Introduzione alla Reflessologia Plantare

reflexsito_milva-0001 "La vita di ogni uomo è una via verso se stesso, il tentativo di una via, l'accenno di un sentiero...
Possiamo comprenderci l'un l'altro, ma ognuno puo' comprendere veramente solo se stesso"
(Hermann Hesse, Demian)

Questa straordinaria tecnica di manipolazione del piede ha origini antichissime, la ritroviamo in iscrizioni e documenti di varie culture, tra cui quelle egizia, maya e ebraica, indiana, cinese. Ma dobbiamo ad un otorinolaringoiatra americano, il Dott. William H.Fitzgerald, il merito di averla riscoperta all'inizio del secolo scorso, e sviluppata secondo un vero e proprio sistema che chiamò "massaggio zonale". Fu poi Eunice Ingham, infermiera e massaggiatrice, che in anni di studio e specializzazione dell'opera di WHF e altri, confermo' la connessione profonda tra le diverse zone del corpo e tra la periferia e il centro, ed elaborò un sistema di influenza sull'intero corpo agendo sui piedi. Nei suoi libri sono descritte quelle tecniche di massaggio e pressione dei piedi che sono alla base dell'odierna REFLESSOLOGIA e che dagli Stati Uniti si sono diffuse ovunque nel mondo. La reflessologia plantare riivolge la sua attenzione al piede per varie ragioni:

 

  • l'uomo è posto tra due poli, il Cielo (la creatività) e la Terra (la ricettività), così la Testa è a contatto con l'energia del cielo e i Piedi con l'energia della terra. Le Mani sono i mediatori che ci permettono di trasformare le idee in fatti. Nell'uomo moderno il contatto con la terra è sempre più lontano, mentre la Mente sviluppa sempre più le proprie capacità, questo produce disarmonia e sofferenza. Il piede diviene allora "un luogo di incontro" tra il Cielo e la Terra, tra la Mente e il Corpo.
  • Il piede è il punto di contatto tra l'energia vitale di base dell'uomo e l'energia di base della terra. La tecnica reflessologica è in grado di suscitare e stabilizzare gli aspetti energetici carenti della persona, la rende ricettiva, sensibile, più carica, rilassata, in grado di concentrarsi meglio, di dormire serenamente.
  • Il piede riproduce perfettamente tutta la persona, su tutti i suoi piani, fisico, emozionale, comportamentale, psichico, mentale. Dal concepimento in avanti, contiene la sua storia, le sue tendenze e predisposizioni. Permette quindi di avvicinare e conoscere l'individuo in modo straordinario, personale e sicuro. Il Piede è l'OLOS a cui il reflessologo non può che avvicinarsi con rispetto e delicatezza.
  • I piedi sono parti vive del corpo, ricche di ossa, muscoli e tendini, vasi sanguigni e terminazioni nervose: essi respirano. Il vissuto quotidiano, se non completamente integrato e sciolto, ogni giorno, si cristallizza nel corpo e produce alterazioni nella sua struttura, e nella fisiologia, così come, reflessologicamente, nei piedi si manifestano deformazioni, posizioni scorrette, callosità, protuberanze, ecc....

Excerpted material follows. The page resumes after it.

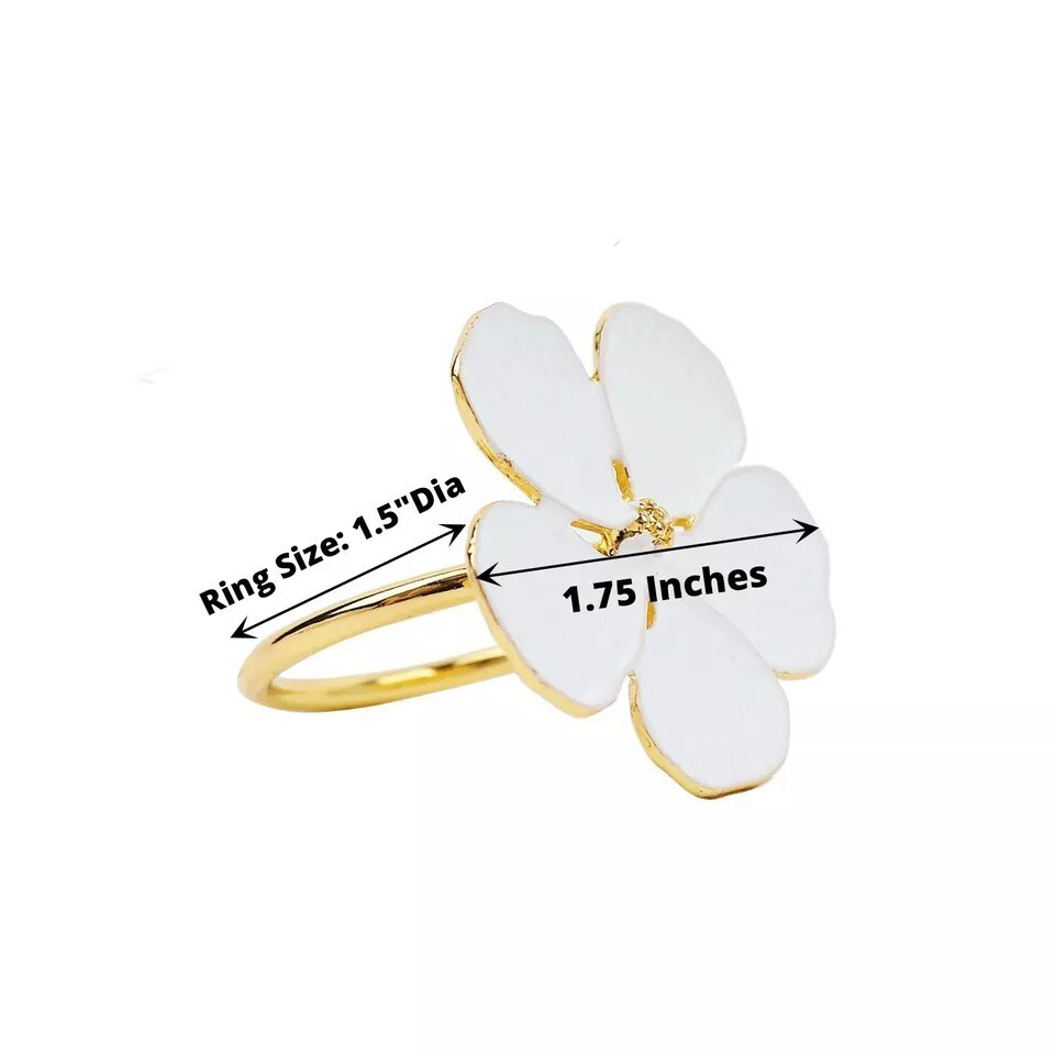 4 Gold White Metallic Napkin Rings Flower Design Party Events Home Decorations
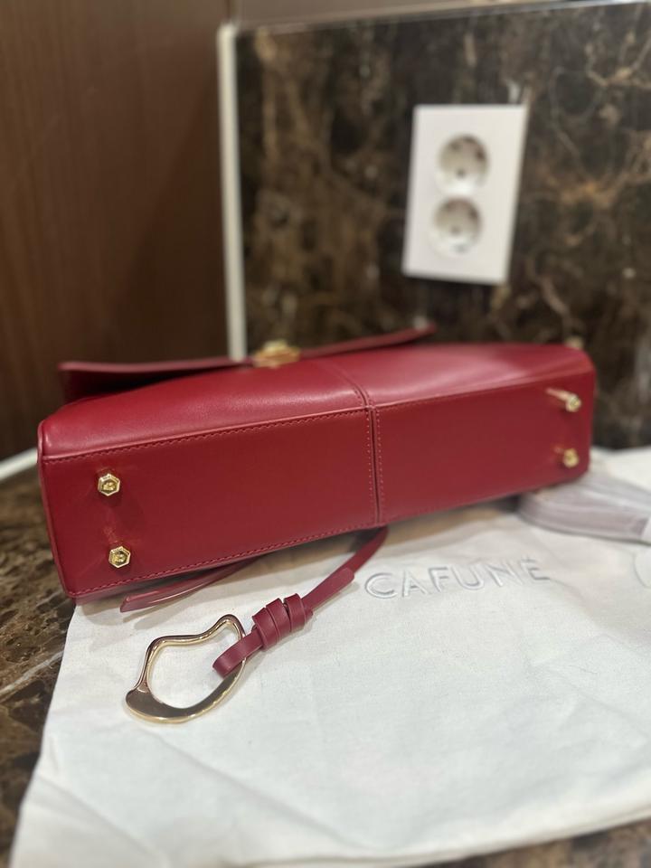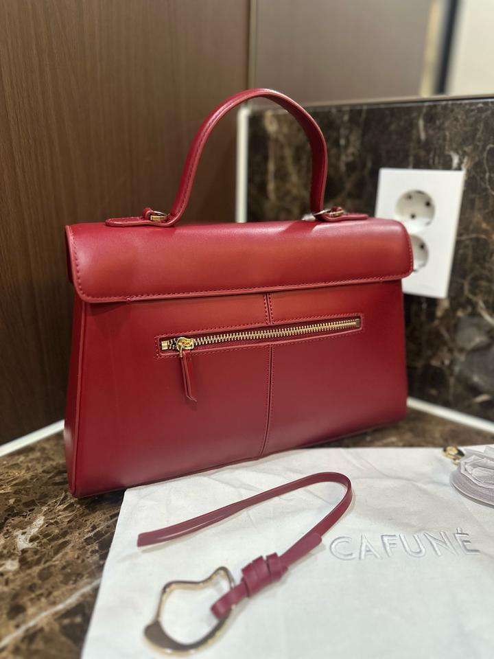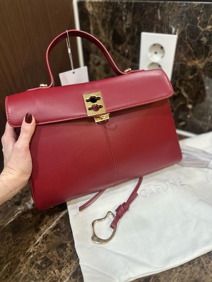 Сумка Cafuné, модель Stance, размер большой. Новая, с этикеткой и пыльником и длинным ремешком. Размер супер для города и для вечера, 30см х 19см х 6см. Красивый насыщенный красный цвет, больше к бордовому, фурнитура золото. Привезли с Гуанджоу, но перепутали размер, поэтому продается. Артикул: 503342

reflexsito_milva-0015Il massaggio riflesso agisce sulle forze di autoguarigione sempre presenti nell'individuo.
Esso ha un valore curativo, ma anche soprattutto preventivo. Attiva la circolazione sanguigna, linfatica ed energetica; mantiene vivi gli interscambi cellulari e permette la rigenerazione delle cellule e l'eliminazione rapida delle tossine; migliora la fisiologia generale degli organi, equilibra le funzioni ormonali, stimola e rilassa il sistema nervoso. Infine toccare i piedi è un gesto che calma e ha una influenza profonda sulla persona.

 

 

fumetto-milva.

 

 

Per Trattamenti vedi scheda informativa

 

Le Leggi

 

 

 

Dalla legge Regione Lombardia 2/2005

"Norme in materia di Discipline Bio-naturali"

 

CODICE DEONTOLOGICO DELL'OPERATORE IN DISCIPLINE BIO-NATURALI
DEFINIZIONE DI OPERATORE BIO-NATURALE


L'Operatore in DBN ricopre il ruolo di consulente nel campo del benessere e di educatore a stili di vita, abitudini alimentari, rapporti con l'ambiente e le persone, atti alla salvaguardia dello stato di benessere ed alla valorizzazione delle risorse vitali.
La sua opera e imperniata sul concetto di prevenzione, sulla valorizzazione dell'equilibrio psico-fisico e sulla stimolazione delle risorse vitali dell'individuo attraverso metodi ed elementi naturali la cui efficacia sia stata verificata nei contesti culturali di provenienza e le loro evoluzioni nei vari contesti socio-culturali.
L'operatore in BDN basa la sua attività professionale sul rapporto interpersonale e sull'applicazione di discipline energetiche , olistiche, naturali e tecniche corporee. Qualora la sua formazione sia multidisciplinare, egli e in grado di scegliere la disciplina più idonea per la persona che gli si presenta.

Preambolo

Il codicc deontologico e l'insieme dei principi e delle norme che l'operatore in DBN deve osservare nell'esercizio della professione. La sua predisposizione e la sua revisione periodica sono di fondamentale importanza per lo sviluppo della professione.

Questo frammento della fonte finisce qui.